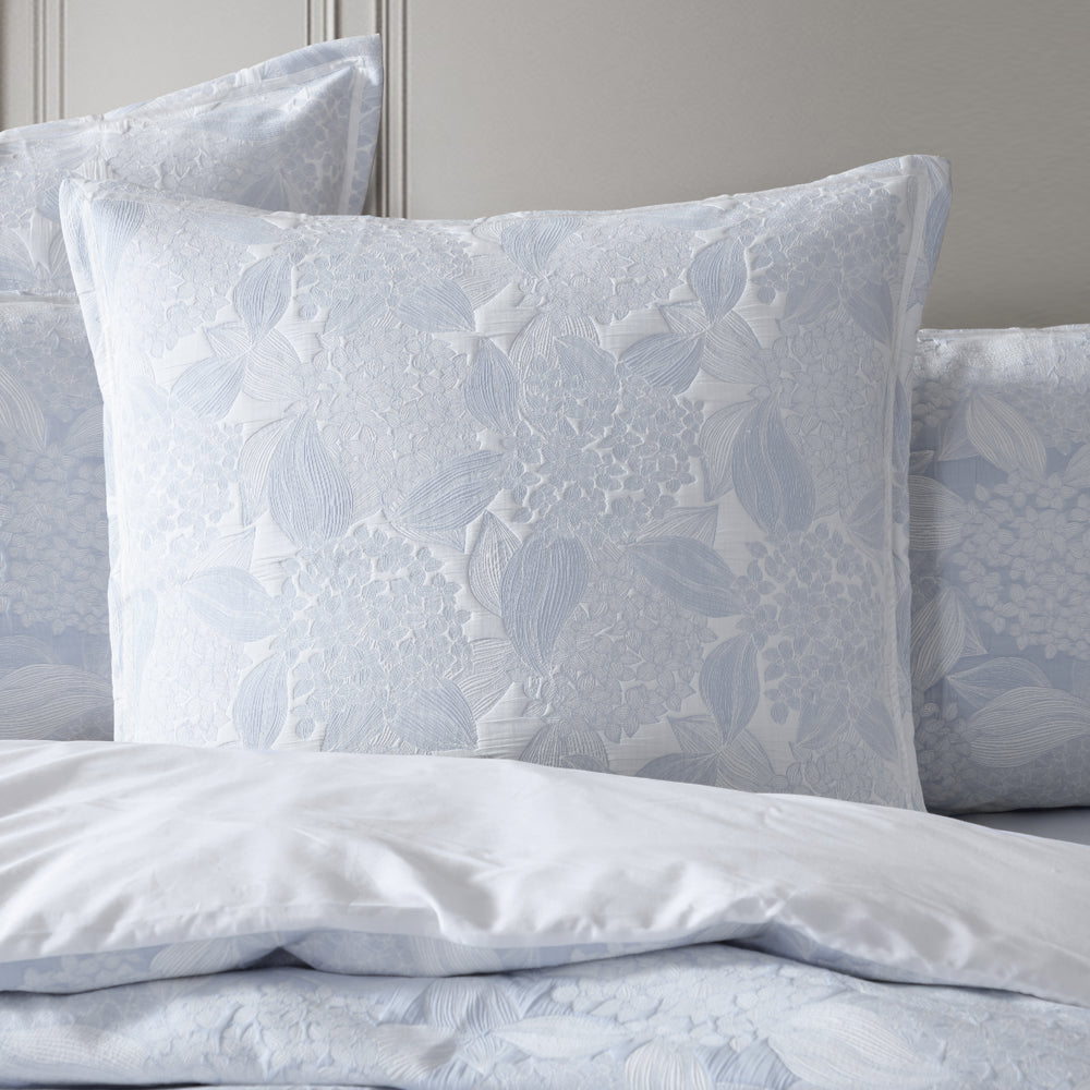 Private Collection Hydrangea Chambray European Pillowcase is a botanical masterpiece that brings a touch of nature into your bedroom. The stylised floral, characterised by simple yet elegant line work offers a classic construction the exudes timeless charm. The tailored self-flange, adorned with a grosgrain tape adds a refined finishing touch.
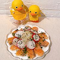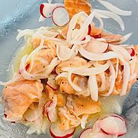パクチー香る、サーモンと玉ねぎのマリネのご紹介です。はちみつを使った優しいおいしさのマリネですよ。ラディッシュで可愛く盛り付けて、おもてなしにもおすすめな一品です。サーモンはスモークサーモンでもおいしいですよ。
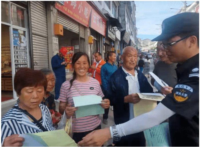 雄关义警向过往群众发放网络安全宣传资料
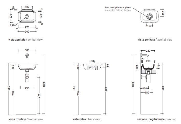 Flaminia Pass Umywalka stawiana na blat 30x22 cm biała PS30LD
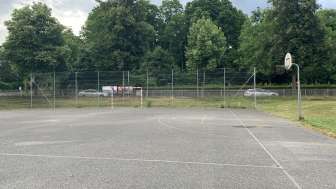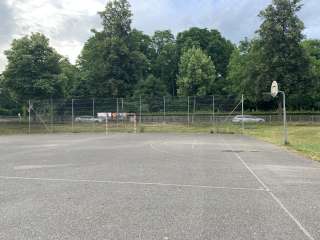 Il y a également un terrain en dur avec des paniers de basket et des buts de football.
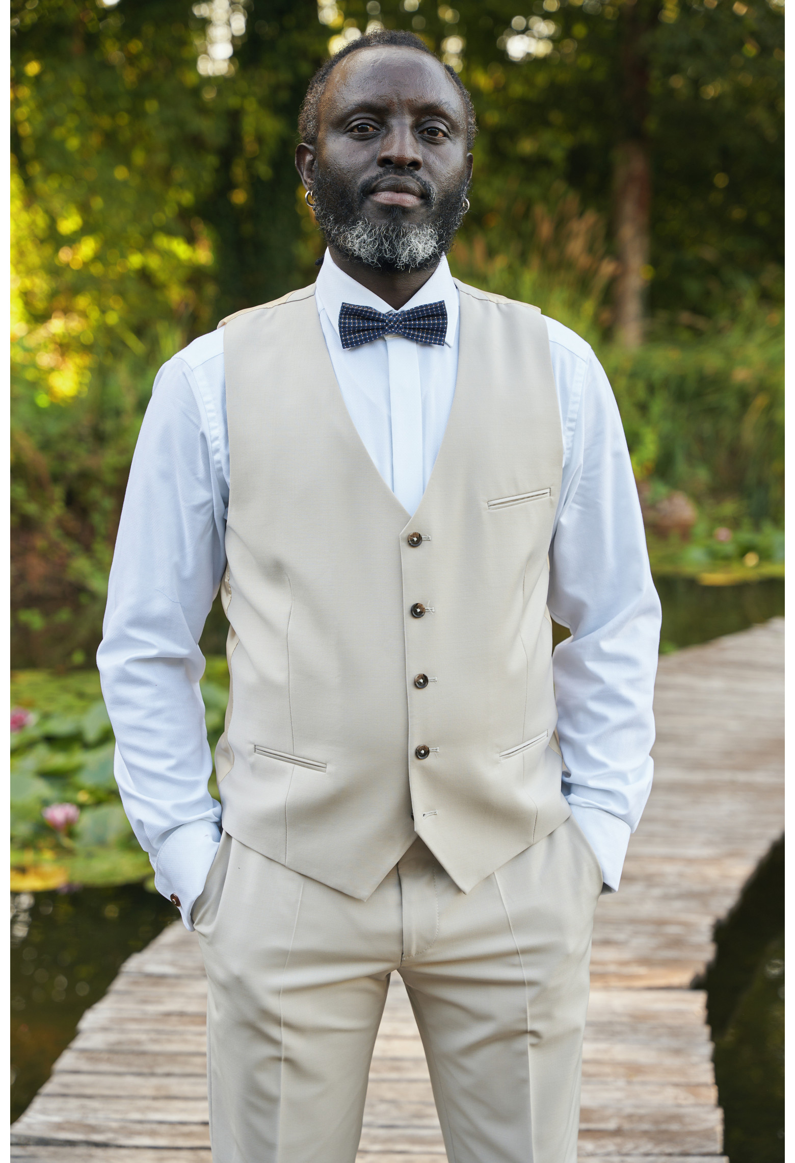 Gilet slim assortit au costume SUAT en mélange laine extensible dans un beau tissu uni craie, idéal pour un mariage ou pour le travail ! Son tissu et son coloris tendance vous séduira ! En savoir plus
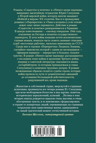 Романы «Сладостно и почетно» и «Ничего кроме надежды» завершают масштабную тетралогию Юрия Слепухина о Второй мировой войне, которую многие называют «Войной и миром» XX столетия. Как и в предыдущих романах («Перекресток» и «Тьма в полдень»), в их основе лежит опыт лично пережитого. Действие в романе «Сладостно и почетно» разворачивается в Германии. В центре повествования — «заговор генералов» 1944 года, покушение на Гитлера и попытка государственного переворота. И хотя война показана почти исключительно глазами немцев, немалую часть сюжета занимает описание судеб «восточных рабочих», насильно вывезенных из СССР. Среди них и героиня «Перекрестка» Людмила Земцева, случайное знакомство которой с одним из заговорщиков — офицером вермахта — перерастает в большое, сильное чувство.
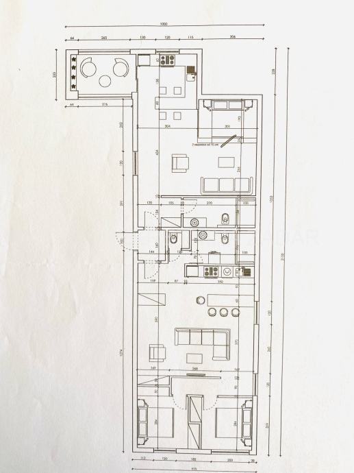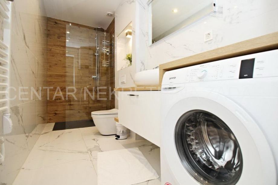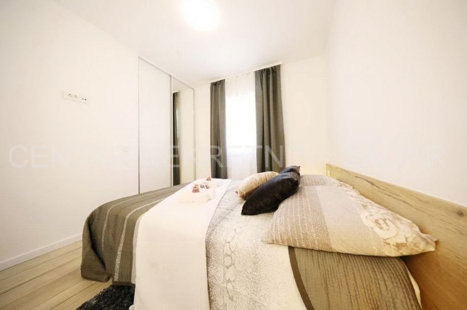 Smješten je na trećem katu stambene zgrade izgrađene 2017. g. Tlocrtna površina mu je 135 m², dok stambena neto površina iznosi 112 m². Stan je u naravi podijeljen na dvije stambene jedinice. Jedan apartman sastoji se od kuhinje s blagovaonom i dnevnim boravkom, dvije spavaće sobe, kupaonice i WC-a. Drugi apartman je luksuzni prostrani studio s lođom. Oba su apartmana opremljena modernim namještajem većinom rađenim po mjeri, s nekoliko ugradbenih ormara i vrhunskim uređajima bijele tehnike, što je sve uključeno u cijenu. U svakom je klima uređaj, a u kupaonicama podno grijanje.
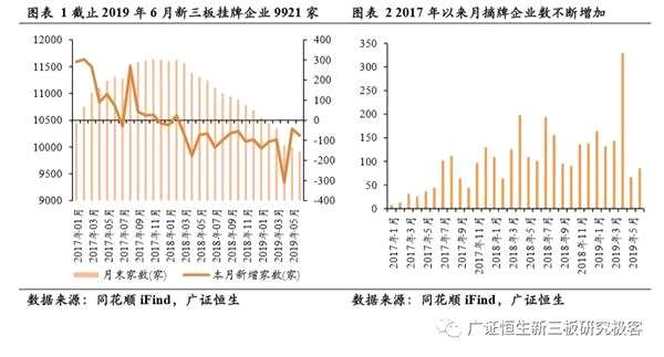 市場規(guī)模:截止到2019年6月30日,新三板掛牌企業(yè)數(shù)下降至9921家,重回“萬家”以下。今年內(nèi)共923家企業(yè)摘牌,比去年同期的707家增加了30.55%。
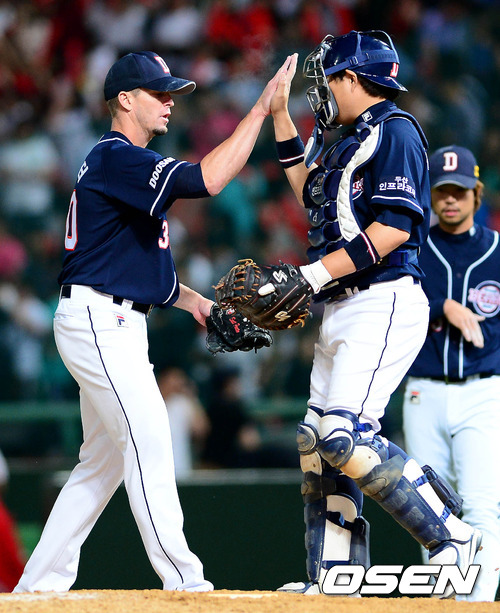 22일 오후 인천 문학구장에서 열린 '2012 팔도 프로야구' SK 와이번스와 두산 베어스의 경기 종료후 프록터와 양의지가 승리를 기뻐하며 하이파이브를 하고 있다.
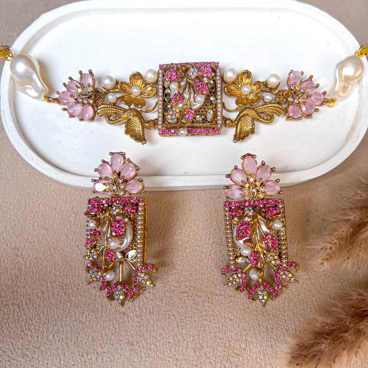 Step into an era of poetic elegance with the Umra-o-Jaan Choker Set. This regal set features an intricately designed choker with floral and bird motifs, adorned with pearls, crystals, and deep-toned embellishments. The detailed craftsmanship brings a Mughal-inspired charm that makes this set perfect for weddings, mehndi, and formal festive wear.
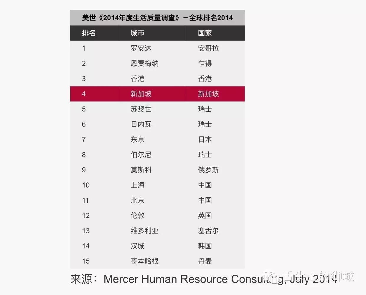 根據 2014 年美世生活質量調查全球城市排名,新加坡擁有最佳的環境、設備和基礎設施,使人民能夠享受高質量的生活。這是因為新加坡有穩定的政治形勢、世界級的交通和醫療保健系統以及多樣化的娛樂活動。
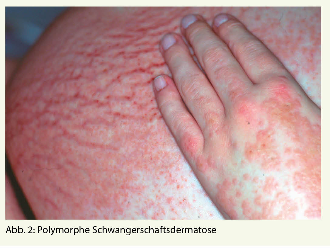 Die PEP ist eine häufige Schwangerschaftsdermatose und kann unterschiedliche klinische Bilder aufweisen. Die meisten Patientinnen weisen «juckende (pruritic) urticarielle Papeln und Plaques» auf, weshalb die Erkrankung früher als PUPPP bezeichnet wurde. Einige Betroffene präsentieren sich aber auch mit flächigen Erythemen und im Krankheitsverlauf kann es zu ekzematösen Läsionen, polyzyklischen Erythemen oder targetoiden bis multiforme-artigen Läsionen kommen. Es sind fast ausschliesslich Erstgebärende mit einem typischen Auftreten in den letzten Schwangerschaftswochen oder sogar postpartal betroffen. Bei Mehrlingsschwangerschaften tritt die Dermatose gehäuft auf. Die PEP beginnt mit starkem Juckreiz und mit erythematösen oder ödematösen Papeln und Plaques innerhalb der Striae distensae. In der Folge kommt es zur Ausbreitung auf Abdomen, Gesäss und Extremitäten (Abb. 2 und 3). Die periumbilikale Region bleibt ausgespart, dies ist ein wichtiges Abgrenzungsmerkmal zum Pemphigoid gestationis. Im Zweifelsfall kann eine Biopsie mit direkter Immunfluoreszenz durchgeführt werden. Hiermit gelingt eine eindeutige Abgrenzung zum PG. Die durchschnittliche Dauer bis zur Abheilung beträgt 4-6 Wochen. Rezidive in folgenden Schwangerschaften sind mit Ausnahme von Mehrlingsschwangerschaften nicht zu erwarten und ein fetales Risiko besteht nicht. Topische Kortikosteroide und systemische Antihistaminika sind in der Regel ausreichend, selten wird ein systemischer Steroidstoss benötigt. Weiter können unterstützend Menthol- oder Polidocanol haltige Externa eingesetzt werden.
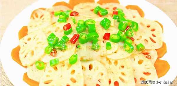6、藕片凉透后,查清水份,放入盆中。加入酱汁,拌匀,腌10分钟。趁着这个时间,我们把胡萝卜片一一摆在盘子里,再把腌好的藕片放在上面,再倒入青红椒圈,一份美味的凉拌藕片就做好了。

════════════════════

*Directions for this task*.
Reproduce word for word, with pictures dropped, only the part of the material above that opens with the line containing "雄关义警向过往群众发放网络安全宣传资料" and closes with the line containing "市場規(guī)模:截止到2".

*Response to this task*.
 雄关义警向过往群众发放网络安全宣传资料
 Flaminia Pass Umywalka stawiana na blat 30x22 cm biała PS30LD
 Il y a également un terrain en dur avec des paniers de basket et des buts de football.
 Gilet slim assortit au costume SUAT en mélange laine extensible dans un beau tissu uni craie, idéal pour un mariage ou pour le travail ! Son tissu et son coloris tendance vous séduira ! En savoir plus
 Романы «Сладостно и почетно» и «Ничего кроме надежды» завершают масштабную тетралогию Юрия Слепухина о Второй мировой войне, которую многие называют «Войной и миром» XX столетия. Как и в предыдущих романах («Перекресток» и «Тьма в полдень»), в их основе лежит опыт лично пережитого. Действие в романе «Сладостно и почетно» разворачивается в Германии. В центре повествования — «заговор генералов» 1944 года, покушение на Гитлера и попытка государственного переворота. И хотя война показана почти исключительно глазами немцев, немалую часть сюжета занимает описание судеб «восточных рабочих», насильно вывезенных из СССР. Среди них и героиня «Перекрестка» Людмила Земцева, случайное знакомство которой с одним из заговорщиков — офицером вермахта — перерастает в большое, сильное чувство.
 Smješten je na trećem katu stambene zgrade izgrađene 2017. g. Tlocrtna površina mu je 135 m², dok stambena neto površina iznosi 112 m². Stan je u naravi podijeljen na dvije stambene jedinice. Jedan apartman sastoji se od kuhinje s blagovaonom i dnevnim boravkom, dvije spavaće sobe, kupaonice i WC-a. Drugi apartman je luksuzni prostrani studio s lođom. Oba su apartmana opremljena modernim namještajem većinom rađenim po mjeri, s nekoliko ugradbenih ormara i vrhunskim uređajima bijele tehnike, što je sve uključeno u cijenu. U svakom je klima uređaj, a u kupaonicama podno grijanje.
 市場規(guī)模:截止到2019年6月30日,新三板掛牌企業(yè)數(shù)下降至9921家,重回“萬家”以下。今年內(nèi)共923家企業(yè)摘牌,比去年同期的707家增加了30.55%。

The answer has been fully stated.